**Task prompt**: Repeat exactly the stretch of lines that starts with the one containing "старый ненужный светильник;" and ends with the last line of the material. Leave out pictures.

**Data provided**:
######

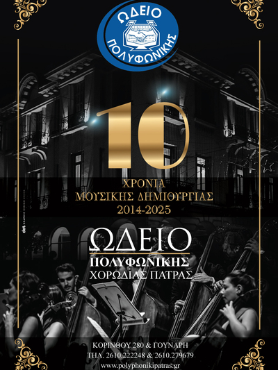 Εορτάζοντας τα 10 χρόνια Πολιτιστικής και Εκπαιδευτικής δημιουργίας (2014-2025), το ΩΔΕΙΟ της ΠΟΛΥΦΩΝΙΚΗΣ (Διεύθυνση: Γιώργος Μπουρδόπουλος, Διοικητική Διεύθυνση: Έφη Καββαδία), πραγματοποιεί μία ιδιαίτερη επετειακή συναυλία, την Κυριακή 22 Ιουνίου στις 8 το βράδυ, στην αίθουσα συναυλιών του Οργανισμού «Τόλης Νομικός» (Κορίνθου 280- Γούναρη).
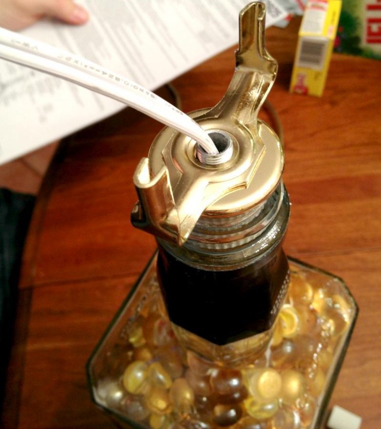 — набор для сборки настольной лампы (на Аmazon и eBay можно найти специальный набор для бутылочных ламп — Bottle Lamp Kit) или старый ненужный светильник;
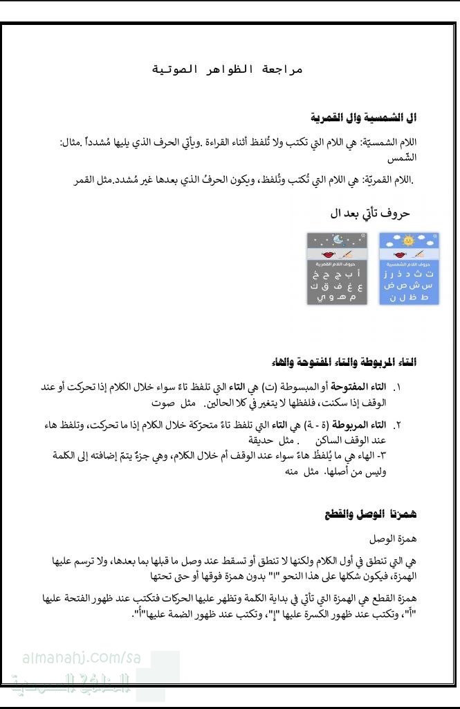 معلومات الملف: مراجعة الظواهر الصوتية في لغتي الجميلة للفصل الأول 1447ه‍ وهي : _ اللام الشمسية و اللام القمرية _ التاء المربوطة و التاء المفتوحة و الهاء _ همزتا الوصل و القطع _ حروف المد _ الألف المقصورة _ التنوين _ المقطع الساكن

######

**Written answer**:
 — набор для сборки настольной лампы (на Аmazon и eBay можно найти специальный набор для бутылочных ламп — Bottle Lamp Kit) или старый ненужный светильник;
 معلومات الملف: مراجعة الظواهر الصوتية في لغتي الجميلة للفصل الأول 1447ه‍ وهي : _ اللام الشمسية و اللام القمرية _ التاء المربوطة و التاء المفتوحة و الهاء _ همزتا الوصل و القطع _ حروف المد _ الألف المقصورة _ التنوين _ المقطع الساكن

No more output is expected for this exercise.